» EXERCISE DESCRIPTION
Would you please reproduce all the entries exactly, leaving the pictures out?

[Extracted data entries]
● ● ● ● ● ● ●

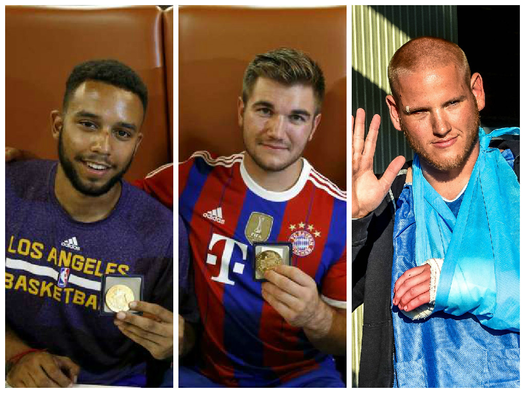 (From left) Anthony Sadler, Aleksander Skarlatos and Spencer Stone tackled, disarmed and subdued the assailant.
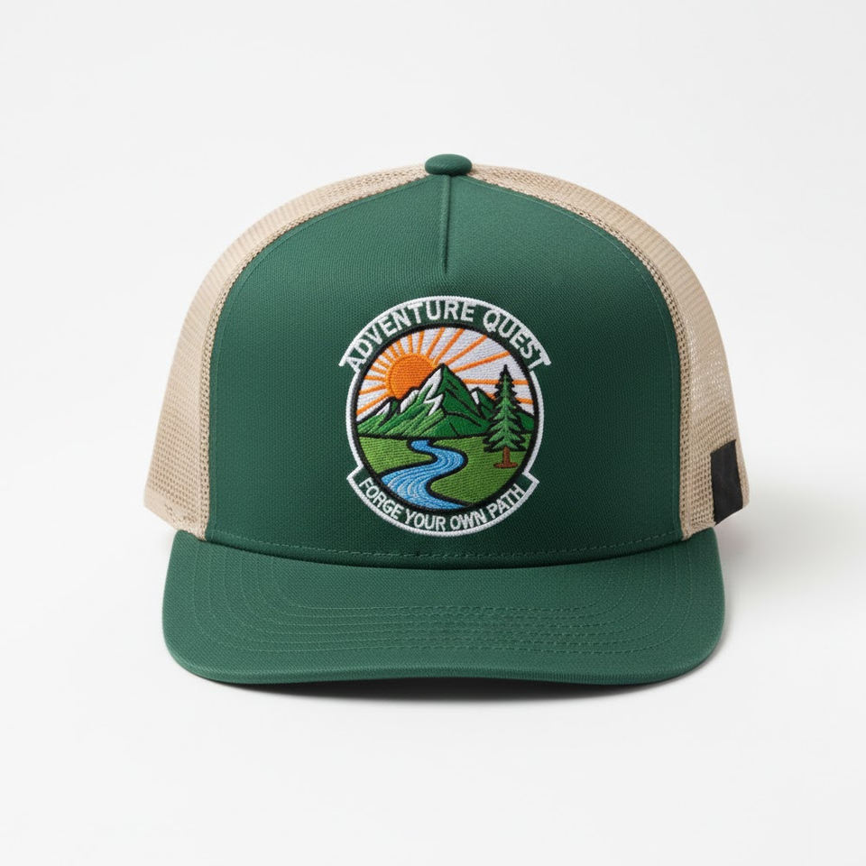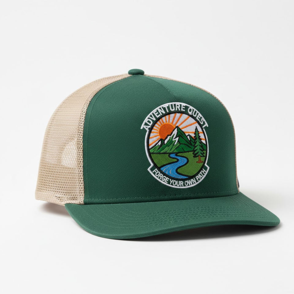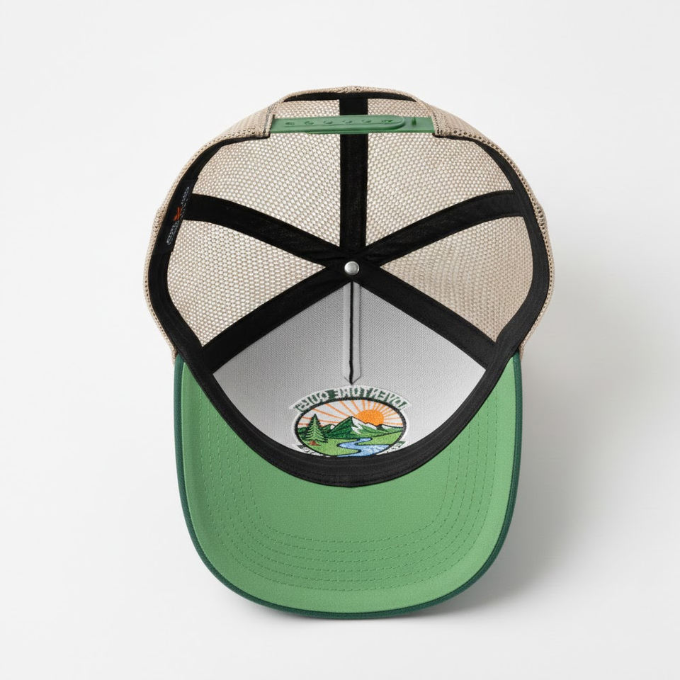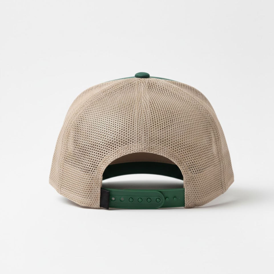 หมวกแก๊ปทรงทรัคเกอร์ 5 แผง สีเขียวเข้มและสีเบจ พร้อมปักลายธรรมชาติ แบบ Snapback รับทำโลโก้ตามสั่ง
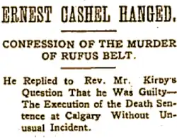 On July 20, 1903, a farmer discovered Belt's decomposing body in a river. Examination showed that he had died from a gunshot to the chest, with the bullet found being the same type and caliber as the rifle Cashel carried. Cashel was brought from Stony Mountain Penitentiary back to Calgary to face murder charges in the death of Belt.[3] The trial began on October 19 and lasted until October 27, at which time Cashel was found guilty and sentenced to hang, the execution date being set for December 15.[4] Because of his history of escaping, he was held in a specially-built cell, which kept him separate from the other inmates, and was itself set in one corner of a large room where it could be seen by everyone within.[6] The gallows where Cashel was to hang was visible outside the window.
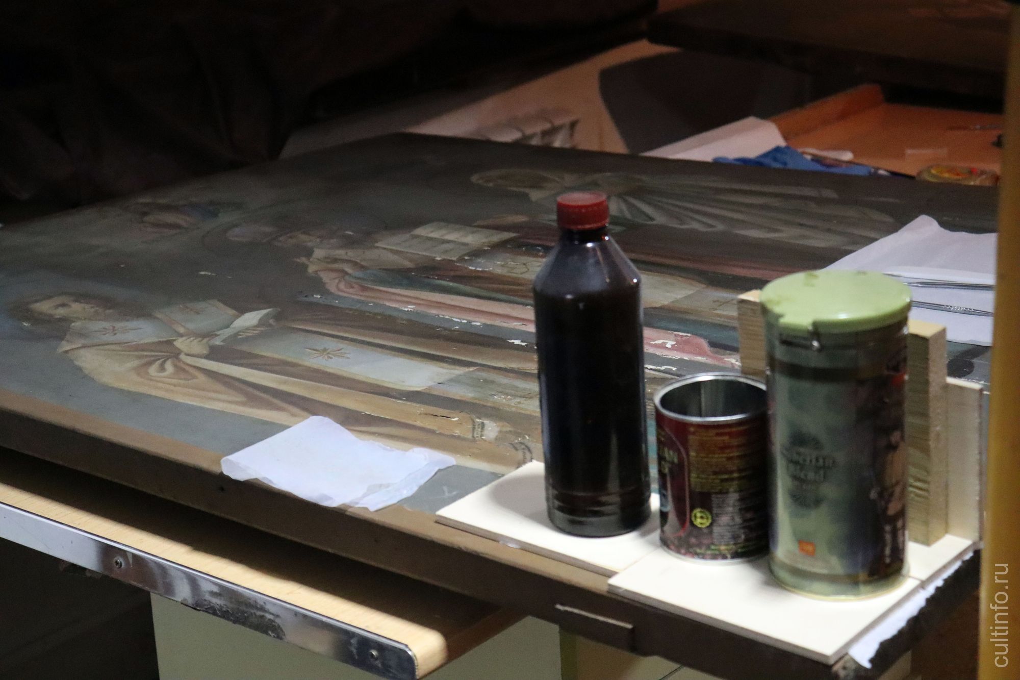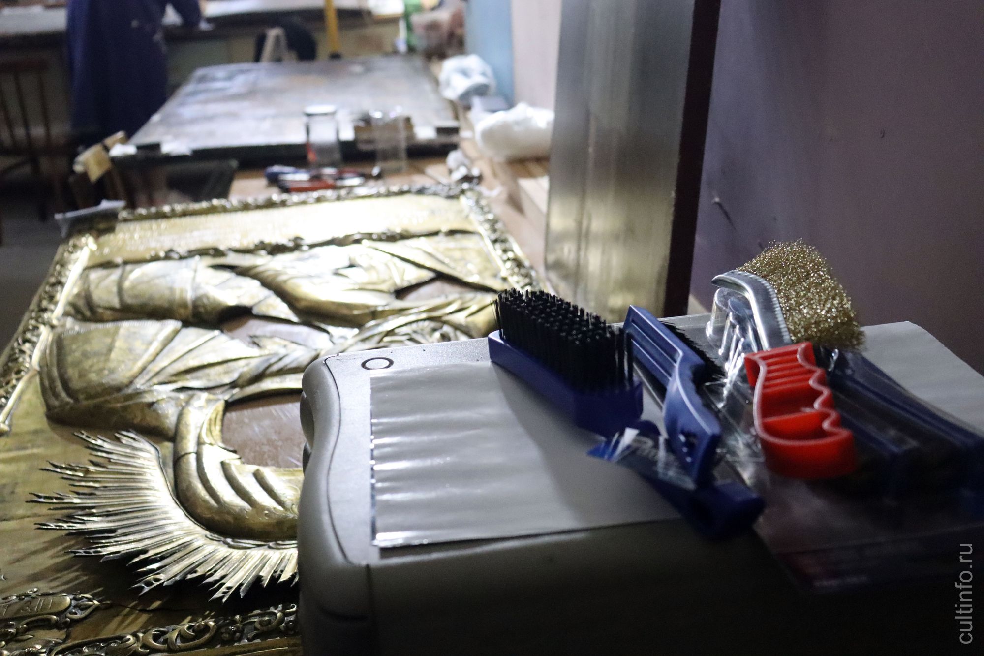 Параллельно ведется реставрация оклада. Его расчищают специальными составами, в местах разрыва будет применяться пайка.
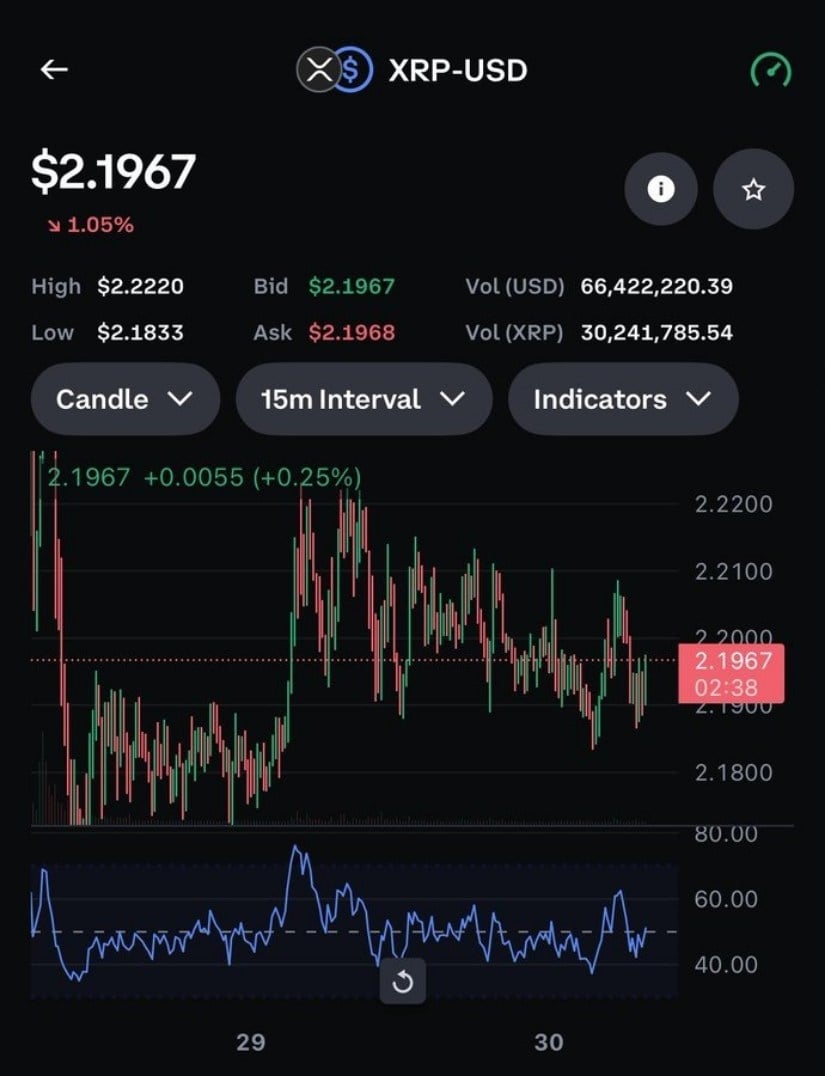 定期发布技术分析的加密货币策略师Zach Rector观察到,XRP的盘整阶段可能接近尾声。他指出XRP/USD在2.1967美元附近徘徊,日内波动区间为2.1833-2.2220美元。当前RSI稳定在60左右,暗示下行压力正在减弱。

● ● ● ● ● ● ●

» WORKED SOLUTION
 (From left) Anthony Sadler, Aleksander Skarlatos and Spencer Stone tackled, disarmed and subdued the assailant.
 หมวกแก๊ปทรงทรัคเกอร์ 5 แผง สีเขียวเข้มและสีเบจ พร้อมปักลายธรรมชาติ แบบ Snapback รับทำโลโก้ตามสั่ง
 On July 20, 1903, a farmer discovered Belt's decomposing body in a river. Examination showed that he had died from a gunshot to the chest, with the bullet found being the same type and caliber as the rifle Cashel carried. Cashel was brought from Stony Mountain Penitentiary back to Calgary to face murder charges in the death of Belt.[3] The trial began on October 19 and lasted until October 27, at which time Cashel was found guilty and sentenced to hang, the execution date being set for December 15.[4] Because of his history of escaping, he was held in a specially-built cell, which kept him separate from the other inmates, and was itself set in one corner of a large room where it could be seen by everyone within.[6] The gallows where Cashel was to hang was visible outside the window.
 Параллельно ведется реставрация оклада. Его расчищают специальными составами, в местах разрыва будет применяться пайка.
 定期发布技术分析的加密货币策略师Zach Rector观察到,XRP的盘整阶段可能接近尾声。他指出XRP/USD在2.1967美元附近徘徊,日内波动区间为2.1833-2.2220美元。当前RSI稳定在60左右,暗示下行压力正在减弱。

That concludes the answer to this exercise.